Ketika intensitas tersebut bisa didengar dengan baik oleh penderita, maka pemeriksa biasanya
akan mencoba menurunkan 0 dB dan itu artinya pendengaran masih terbilang sangat baik.
Sebelum audiometri dilakukan, ada pula tes yang perlu ditempuh oleh pasien, yakni pemeriksaan
telinga.

Tujuan pemeriksaan telinga ini adalah untuk mengecek ada cairan atau tidak di dalam telinga,
ada lubang gendang telinga atau tidak, dan ada kotoran telinga atau tidak. Ini karena faktor-
faktor tersebut jelas mampu membuat pendengaran pasien nantinya menjadi kurang.

(Baca juga: jenis penyakit yang menyerang telinga – radang telinga)

Manfaat dan Tujuan

Ada serangkaian manfaat yang bisa diperoleh dari proses audiometri. Manfaat dari penggunaan
audiometri antara lain adalah:

 Untuk kedokteran klinik yang menangani penyakit telinga.

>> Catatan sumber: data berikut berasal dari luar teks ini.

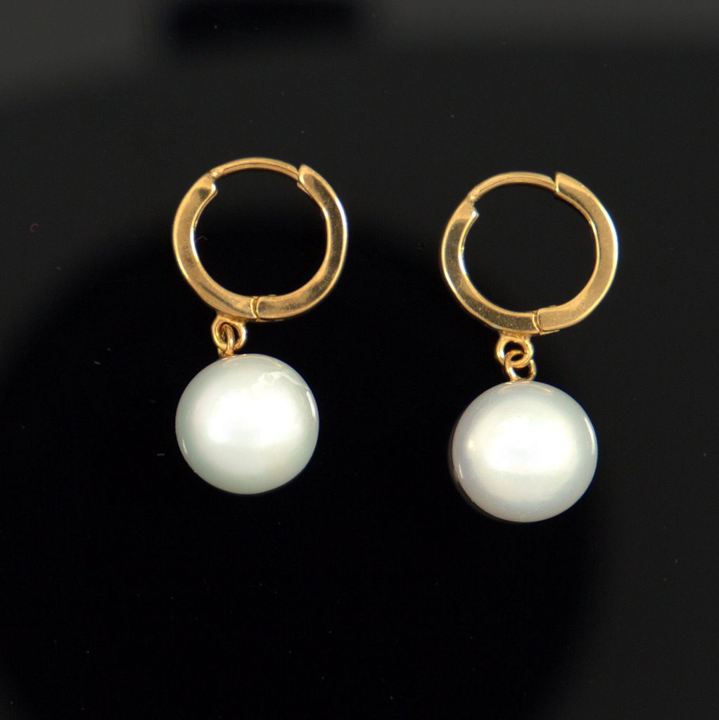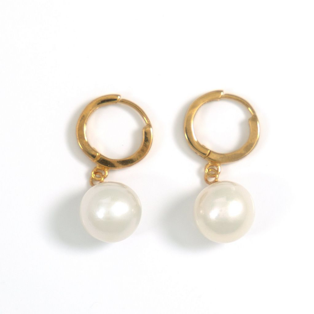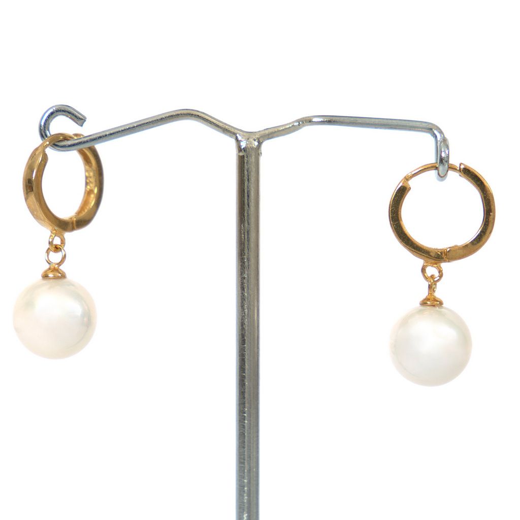 Perlen Kreolen mit 10,3mm runden Perlen in Weiß
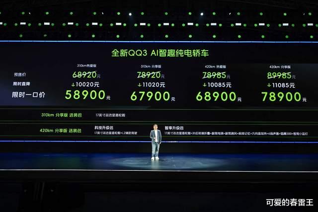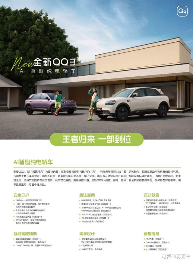 比如大家关心的充电成本,全新QQ3本身能耗就低,一公里电费不到一毛钱,再加上30%-80%快充仅需16.5分钟,日常通勤、周末出游,充电根本不用等,时间成本也省了。而整车的终身质保,更是从根源上降低了用车成本,不用为保养、维修发愁,哪怕开几年想换车,带着终身质保的车况,保值率也会更高。对于我们年轻人来说,买车不仅要看落地价,更要算长期的用车账,而全新QQ3的权益,让这笔账越算越划算。

 Untuk kedokteran klinik kehakiman.
 Untuk kedokteran klinik pencegahan di mana pendeteksian ketulian dilakukan pada anak-anak.

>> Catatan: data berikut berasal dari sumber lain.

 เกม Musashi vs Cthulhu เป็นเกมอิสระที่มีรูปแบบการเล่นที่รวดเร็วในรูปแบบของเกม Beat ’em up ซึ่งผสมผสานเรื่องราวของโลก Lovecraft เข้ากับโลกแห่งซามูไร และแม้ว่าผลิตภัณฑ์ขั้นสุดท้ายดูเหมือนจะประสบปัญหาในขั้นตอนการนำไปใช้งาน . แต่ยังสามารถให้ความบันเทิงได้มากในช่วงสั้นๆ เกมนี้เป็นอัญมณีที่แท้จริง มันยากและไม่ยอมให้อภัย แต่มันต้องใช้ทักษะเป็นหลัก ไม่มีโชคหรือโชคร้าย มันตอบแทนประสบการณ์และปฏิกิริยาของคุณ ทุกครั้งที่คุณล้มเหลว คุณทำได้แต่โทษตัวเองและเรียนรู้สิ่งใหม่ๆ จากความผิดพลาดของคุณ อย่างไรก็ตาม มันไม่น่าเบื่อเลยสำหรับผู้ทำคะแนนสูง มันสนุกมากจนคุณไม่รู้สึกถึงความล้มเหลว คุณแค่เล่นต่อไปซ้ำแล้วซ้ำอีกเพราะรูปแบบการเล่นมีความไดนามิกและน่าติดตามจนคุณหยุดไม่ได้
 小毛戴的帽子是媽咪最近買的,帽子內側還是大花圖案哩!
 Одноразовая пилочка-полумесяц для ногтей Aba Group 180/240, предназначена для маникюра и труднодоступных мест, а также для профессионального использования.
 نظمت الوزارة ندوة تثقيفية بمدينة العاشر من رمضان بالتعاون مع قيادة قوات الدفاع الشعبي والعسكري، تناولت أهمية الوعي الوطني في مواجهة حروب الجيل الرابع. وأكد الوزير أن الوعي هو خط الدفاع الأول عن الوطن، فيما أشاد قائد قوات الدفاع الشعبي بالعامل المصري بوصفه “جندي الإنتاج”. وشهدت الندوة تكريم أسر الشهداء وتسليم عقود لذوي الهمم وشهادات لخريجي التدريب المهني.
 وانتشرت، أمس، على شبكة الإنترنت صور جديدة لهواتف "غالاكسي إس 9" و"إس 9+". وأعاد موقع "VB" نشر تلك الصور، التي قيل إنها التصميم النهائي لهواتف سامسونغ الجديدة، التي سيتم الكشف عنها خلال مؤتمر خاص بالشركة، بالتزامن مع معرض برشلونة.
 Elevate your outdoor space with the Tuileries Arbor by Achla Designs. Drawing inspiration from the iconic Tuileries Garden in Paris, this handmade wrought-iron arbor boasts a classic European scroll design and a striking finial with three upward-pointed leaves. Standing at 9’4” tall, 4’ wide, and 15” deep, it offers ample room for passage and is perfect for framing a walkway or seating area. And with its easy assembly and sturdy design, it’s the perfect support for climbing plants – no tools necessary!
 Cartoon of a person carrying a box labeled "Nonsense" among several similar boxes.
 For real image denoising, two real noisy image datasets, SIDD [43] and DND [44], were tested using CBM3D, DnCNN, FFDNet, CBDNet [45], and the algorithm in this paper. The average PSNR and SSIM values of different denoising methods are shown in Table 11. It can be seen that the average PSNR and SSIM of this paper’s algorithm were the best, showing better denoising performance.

Sementara itu, tujuan dari audiometri ini tentu ada kaitannya erat dengan pemeriksaan telinga,
yaitu antara lain:

 Mendiagnosa jenis sakit telinga.


 Melakukan skrining anak-anak di bawah usia 5 tahun dan anak SD.
 Melakukan pengukuran kemampuan pendengaran melalui proses menangkap percakapan
harian.
 Melakukan pemonitoran terhadap pekerja-pekerja yang khusus bekerja di tempat yang sangat
bising.

Indikasi Pengujian Pendengaran

Ada sejumlah indikasi pemeriksaan yang perlu diketahui dan diwaspadai oleh orang-orang.
Audiometri perlu ditempuh ketika:

 Riwayat trauma.
 Terjadi penurunan kualitas pendengaran.
 Telinga terus berbunyi atau mendengung di mana ini juga diketahui dengan istilah tinitus.
 Gangguan keseimbangan.
 Riwayat kesehatan keluarga di mana mungkin ada anggota keluarga yang mengalami gangguan
pendengaran.
 Riwayat penggunaan obat-obatan jenis ototoksik.
 Riwayat terlalu sering terpajan kebisingan (kemungkinan faktor tempat kerja).
 Riwayat keluarnya cairan dari telinga atau telinga berair.
 Telinga terasa penuh.

(Baca juga: telinga berdenging terus-terusan – cara mengatasi telinga bindeng – bahaya telinga
bernanah)

Selain audiometri, diagnosa yang dilakukan pada pasien yang diduga mengalami gangguan
pendengaran adalah dengan pemeriksaan fisik serta uji garpu tala. Pada pemeriksaan fisik, jelas
dokter biasanya bakal melakukan pemeriksaan telinga agar penyebab gangguan pada telinga
dapat diketahui. Contoh gangguan tersebut adalah kerusakan pada gendang telinga, infeksi dan
kotoran telinga.

Sementara itu, uji garpu tala adalah contoh proses diagnosa di mana ini dilakukan untuk
mendeteksi adanya gangguan pendengaran serta sebagai proses penentu kerusakan terjadi di
bagian telinga sebelah mana. Dengan prosedur diagnosa ini, maka nantinya akan diketahui secara
jelas tingkat keparahan dari ketulian yang diderita oleh pasien. Maka dari itu, penting untuk
mengetahui cara menjaga telinga agar tetap sehat dan berfungsi dengan baik.